Second, she is a bully of the highest order.  She probably shoved other little girls around on the playground, and when she couldn’t do it to the boys, she talked other boys into doing her dirty work for her.  You see, she doesn’t really hate guns.  She wants her Lieutenant bullies to have them.  She just doesn’t want people she doesn’t like to have them.  She isn’t calling for disarming the police, just peaceable men and women who want to protect themselves.  Ms.
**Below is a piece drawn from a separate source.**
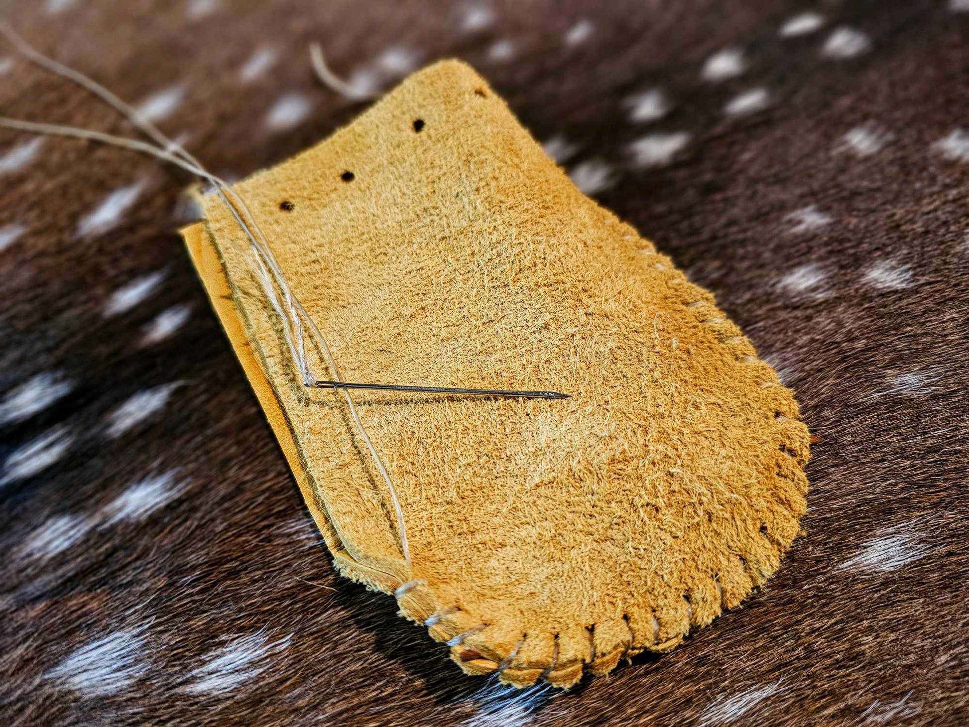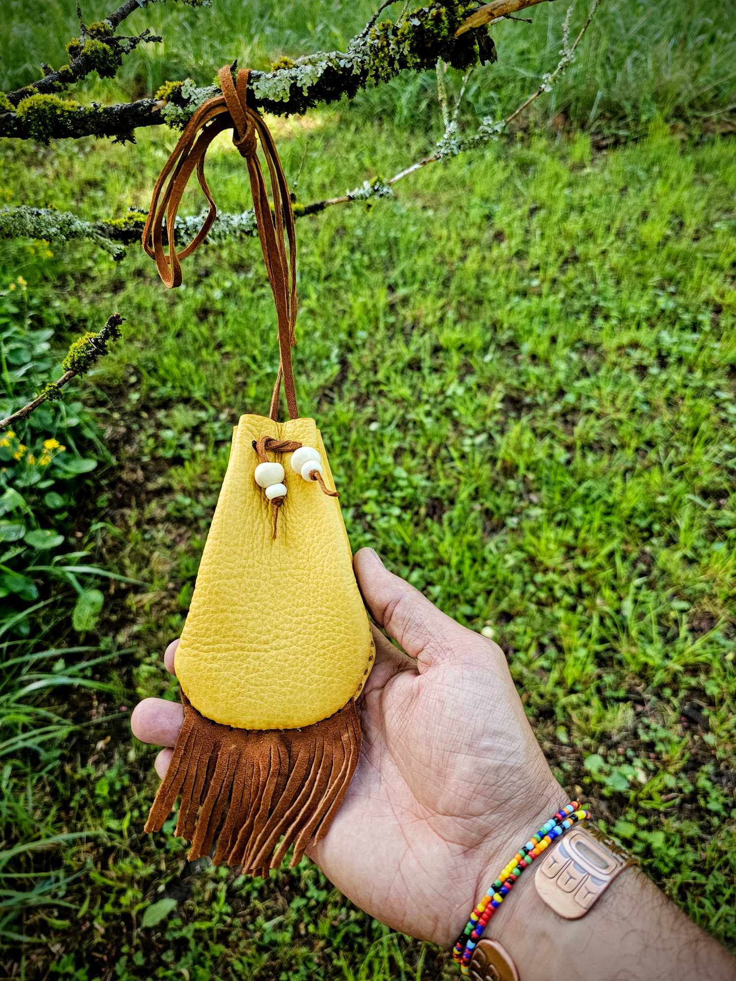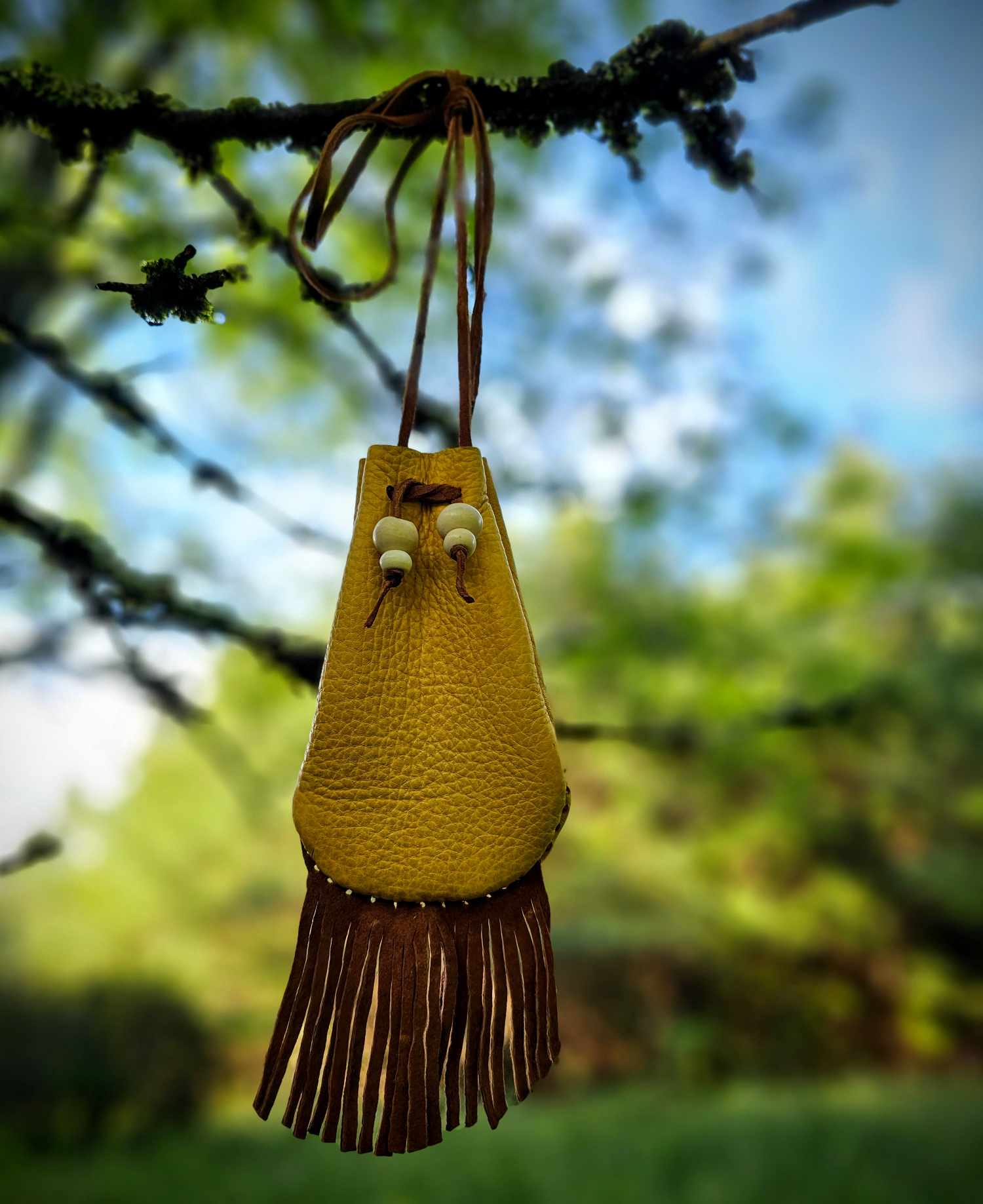 Bison Hide Medicine Bag with Cow Bone Beads and Buckskin Fringe

SJW doesn’t want people to be able to protect themselves.  She wants to be head bully, meaning that people have to come to her for protection.  She is a bitch.

Finally (and there are actually many more lessons from this sad affair), people like this will be bullies until someone punches back, very hard.  If Glock or Remington kowtow to this bitch, they deserve everything they get.  Seriously,  I will have completely lost respect for any company that cooperates with this bully, and I’ll never do business with any of them, ever again.  Gun manufacturers will find that there is a high cost associated with complying this communists like this.  I suspect that the cost will be more than they can bear.

Note to Remington and Glock.  Do not comply.  Tell her to go to hell.  And ditto that for any other gun manufacturer she tries to tackle.